*** Opening of Supplied data ***

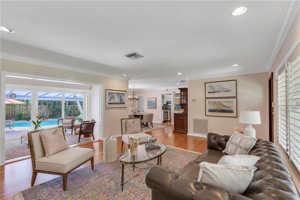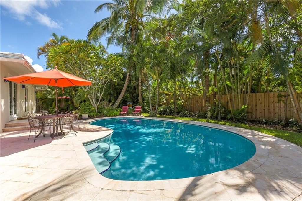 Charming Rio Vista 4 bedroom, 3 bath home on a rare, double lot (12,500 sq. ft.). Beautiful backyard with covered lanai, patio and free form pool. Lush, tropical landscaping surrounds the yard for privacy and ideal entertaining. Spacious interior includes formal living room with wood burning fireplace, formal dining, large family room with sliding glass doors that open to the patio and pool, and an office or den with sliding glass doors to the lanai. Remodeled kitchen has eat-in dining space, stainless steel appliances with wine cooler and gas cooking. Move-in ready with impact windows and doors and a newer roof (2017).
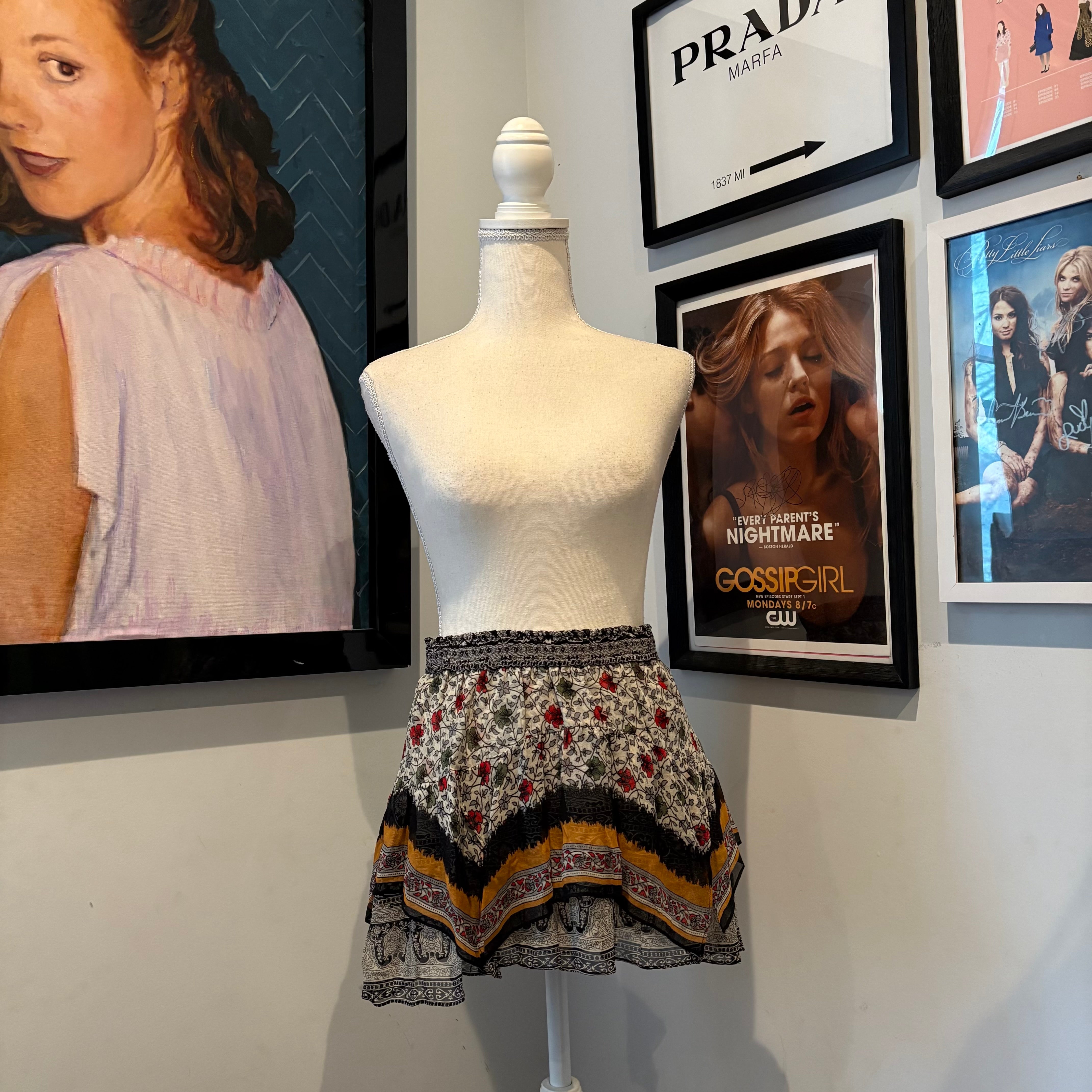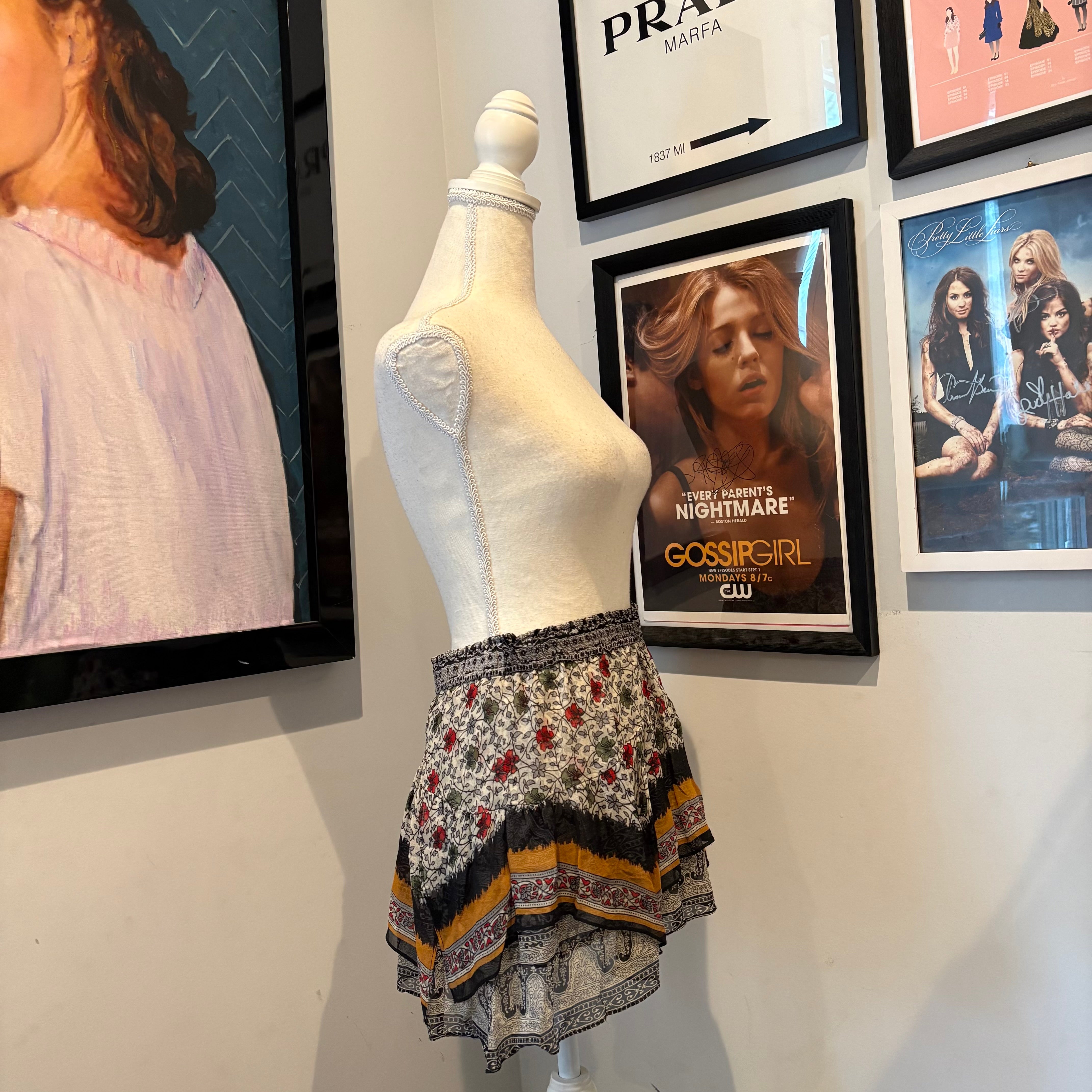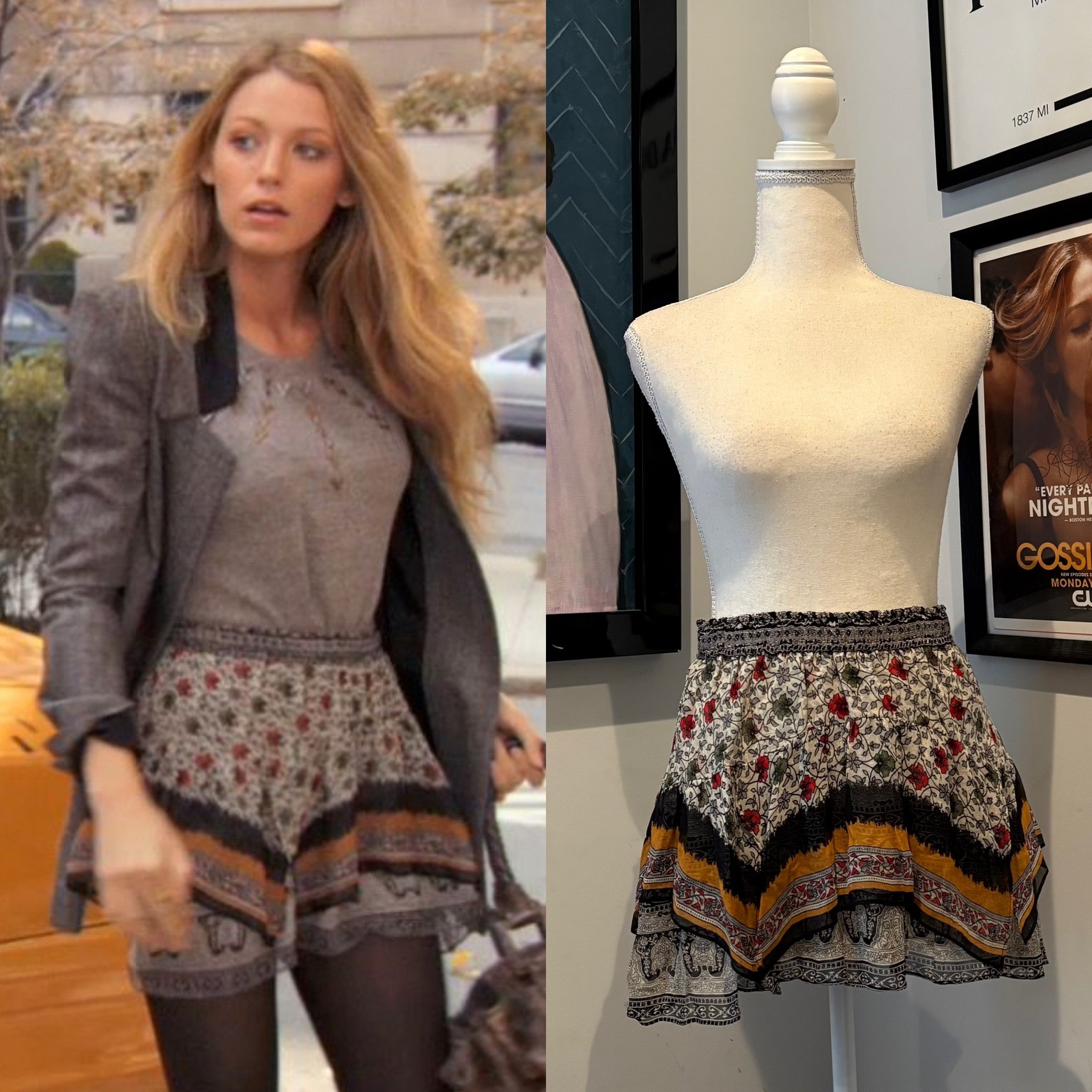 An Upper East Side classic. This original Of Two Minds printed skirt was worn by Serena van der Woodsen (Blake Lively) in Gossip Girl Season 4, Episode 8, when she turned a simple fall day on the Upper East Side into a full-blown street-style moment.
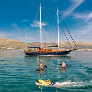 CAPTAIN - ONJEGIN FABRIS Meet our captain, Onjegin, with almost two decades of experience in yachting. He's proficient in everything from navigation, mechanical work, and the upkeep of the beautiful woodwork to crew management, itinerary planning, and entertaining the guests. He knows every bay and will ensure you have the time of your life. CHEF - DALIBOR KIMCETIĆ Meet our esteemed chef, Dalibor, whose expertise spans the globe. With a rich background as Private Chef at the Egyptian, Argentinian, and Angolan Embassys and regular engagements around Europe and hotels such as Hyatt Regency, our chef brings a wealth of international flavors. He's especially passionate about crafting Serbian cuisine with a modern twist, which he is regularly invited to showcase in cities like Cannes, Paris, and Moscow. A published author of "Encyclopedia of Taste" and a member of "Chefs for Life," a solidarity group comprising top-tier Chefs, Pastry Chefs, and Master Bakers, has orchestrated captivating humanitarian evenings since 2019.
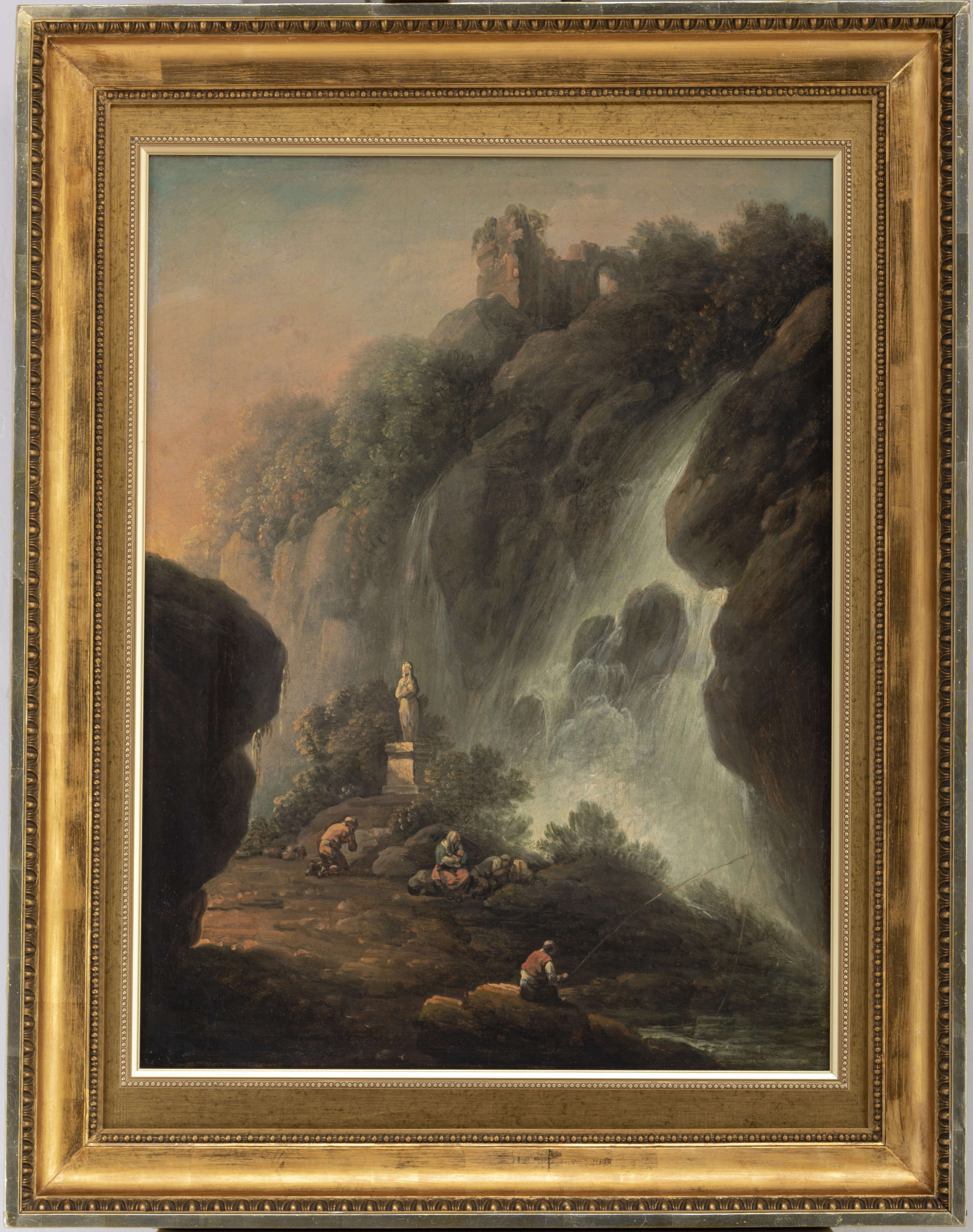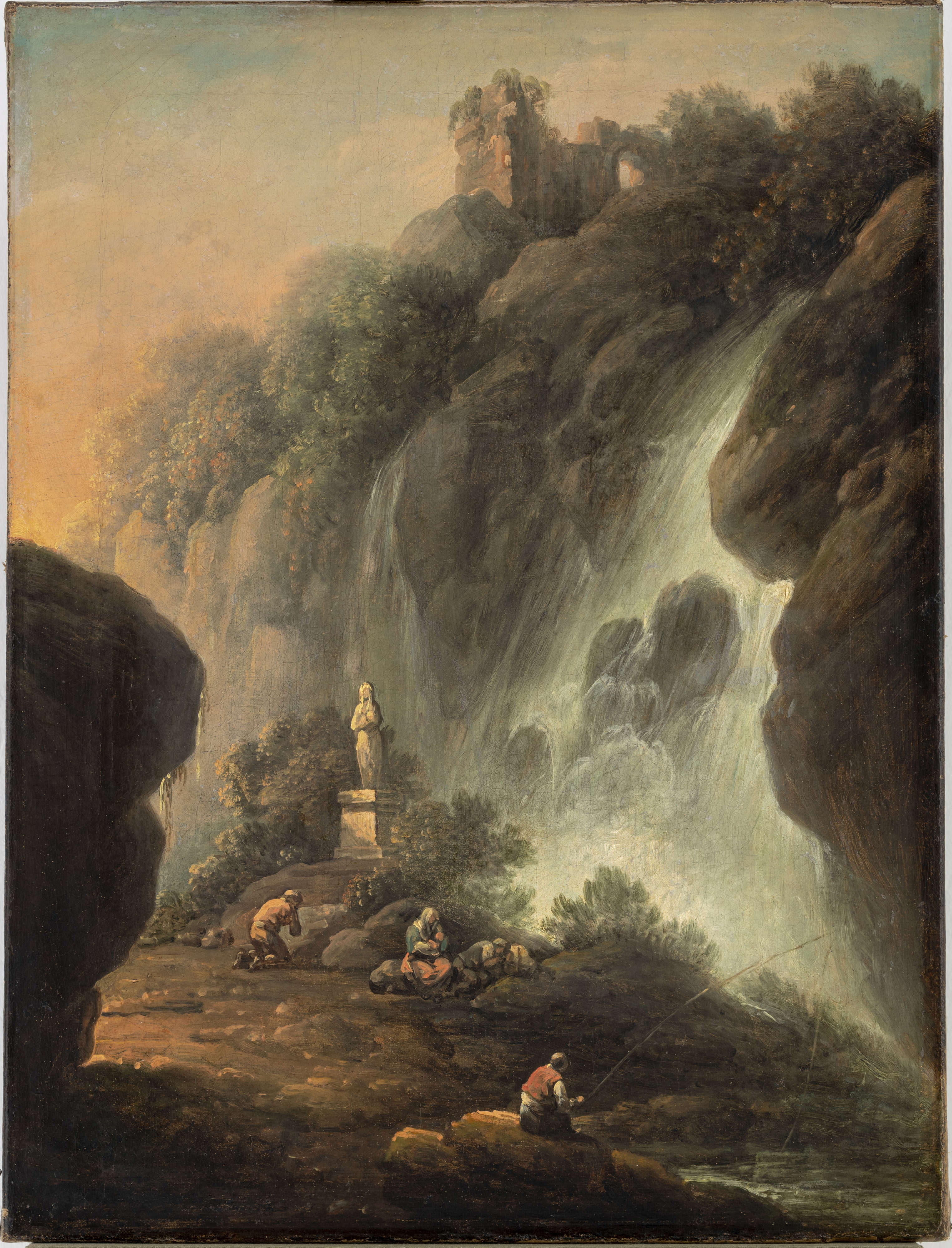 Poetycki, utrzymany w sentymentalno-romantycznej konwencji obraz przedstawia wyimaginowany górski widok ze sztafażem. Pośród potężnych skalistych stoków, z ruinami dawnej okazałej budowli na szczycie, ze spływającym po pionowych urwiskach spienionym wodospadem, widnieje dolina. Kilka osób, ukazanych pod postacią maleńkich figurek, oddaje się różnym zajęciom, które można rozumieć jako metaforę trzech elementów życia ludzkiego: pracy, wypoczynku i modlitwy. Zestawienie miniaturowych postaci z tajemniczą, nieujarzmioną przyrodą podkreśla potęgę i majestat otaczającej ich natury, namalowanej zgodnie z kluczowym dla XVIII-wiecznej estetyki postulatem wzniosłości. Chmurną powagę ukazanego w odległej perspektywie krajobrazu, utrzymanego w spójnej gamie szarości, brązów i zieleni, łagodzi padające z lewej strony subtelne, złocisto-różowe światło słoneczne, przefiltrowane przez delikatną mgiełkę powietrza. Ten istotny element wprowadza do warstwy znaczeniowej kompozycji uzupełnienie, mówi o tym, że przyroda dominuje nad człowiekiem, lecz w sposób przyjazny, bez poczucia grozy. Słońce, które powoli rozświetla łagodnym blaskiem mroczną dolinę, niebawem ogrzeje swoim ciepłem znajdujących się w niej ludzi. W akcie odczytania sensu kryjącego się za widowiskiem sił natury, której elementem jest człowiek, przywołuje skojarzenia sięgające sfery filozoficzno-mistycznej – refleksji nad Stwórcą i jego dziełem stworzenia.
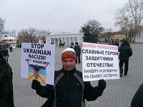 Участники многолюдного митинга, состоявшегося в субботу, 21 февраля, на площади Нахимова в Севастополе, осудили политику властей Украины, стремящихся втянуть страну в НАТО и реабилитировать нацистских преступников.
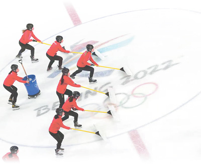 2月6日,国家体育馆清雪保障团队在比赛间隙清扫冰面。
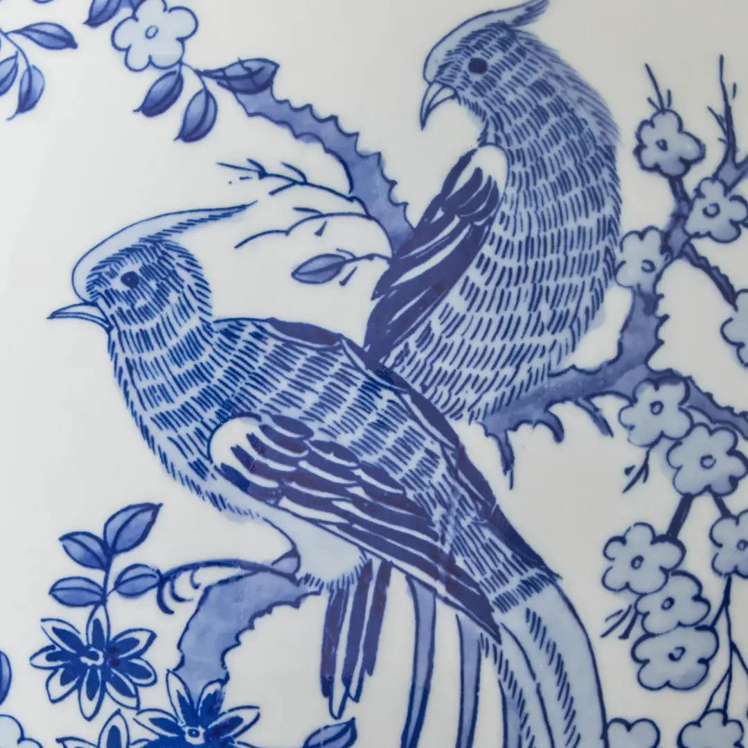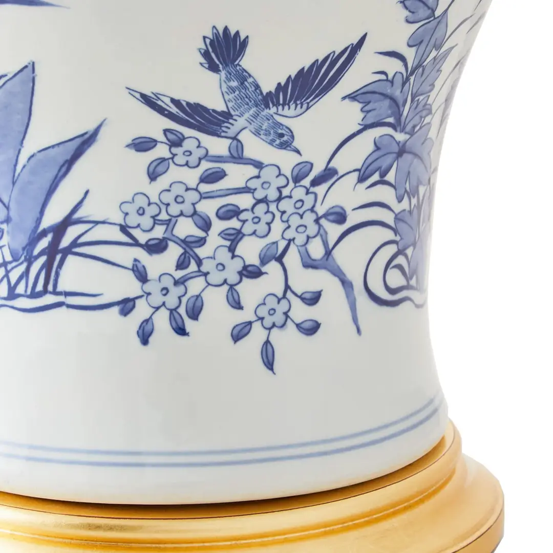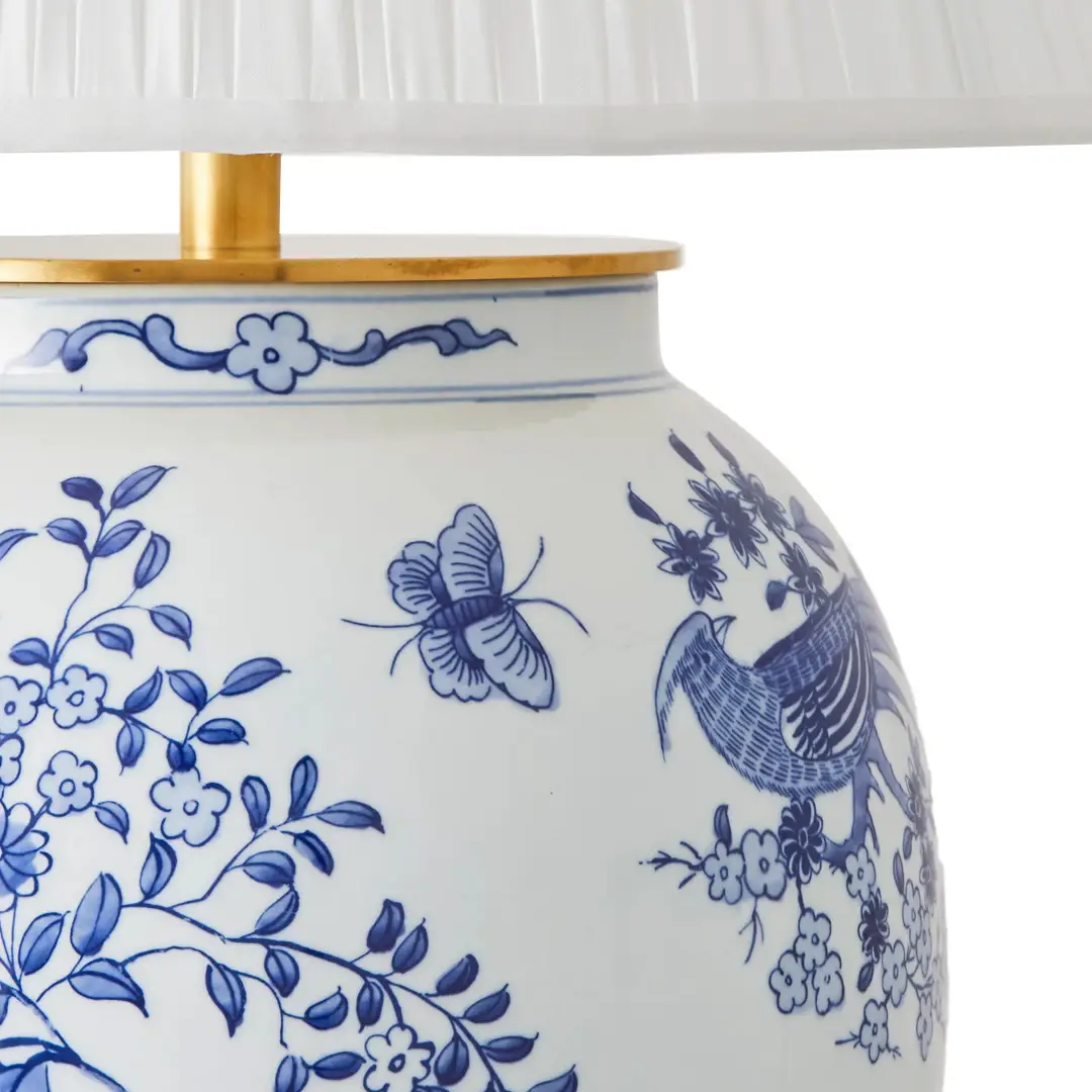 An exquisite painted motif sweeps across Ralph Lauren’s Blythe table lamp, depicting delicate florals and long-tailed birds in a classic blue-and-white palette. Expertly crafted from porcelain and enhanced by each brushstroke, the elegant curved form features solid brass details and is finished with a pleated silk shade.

*** Close of Supplied data ***

*Exercise instructions*:
Give again, exactly as written above, every line from the one holding "Участники многолюдного митинга, состоявшегося" to the one holding "2月6日,国家体育馆清雪保障团队在比赛间隙清扫冰面。", with both ends kept and the pictures left out.

*Reply*:
 Участники многолюдного митинга, состоявшегося в субботу, 21 февраля, на площади Нахимова в Севастополе, осудили политику властей Украины, стремящихся втянуть страну в НАТО и реабилитировать нацистских преступников.
 2月6日,国家体育馆清雪保障团队在比赛间隙清扫冰面。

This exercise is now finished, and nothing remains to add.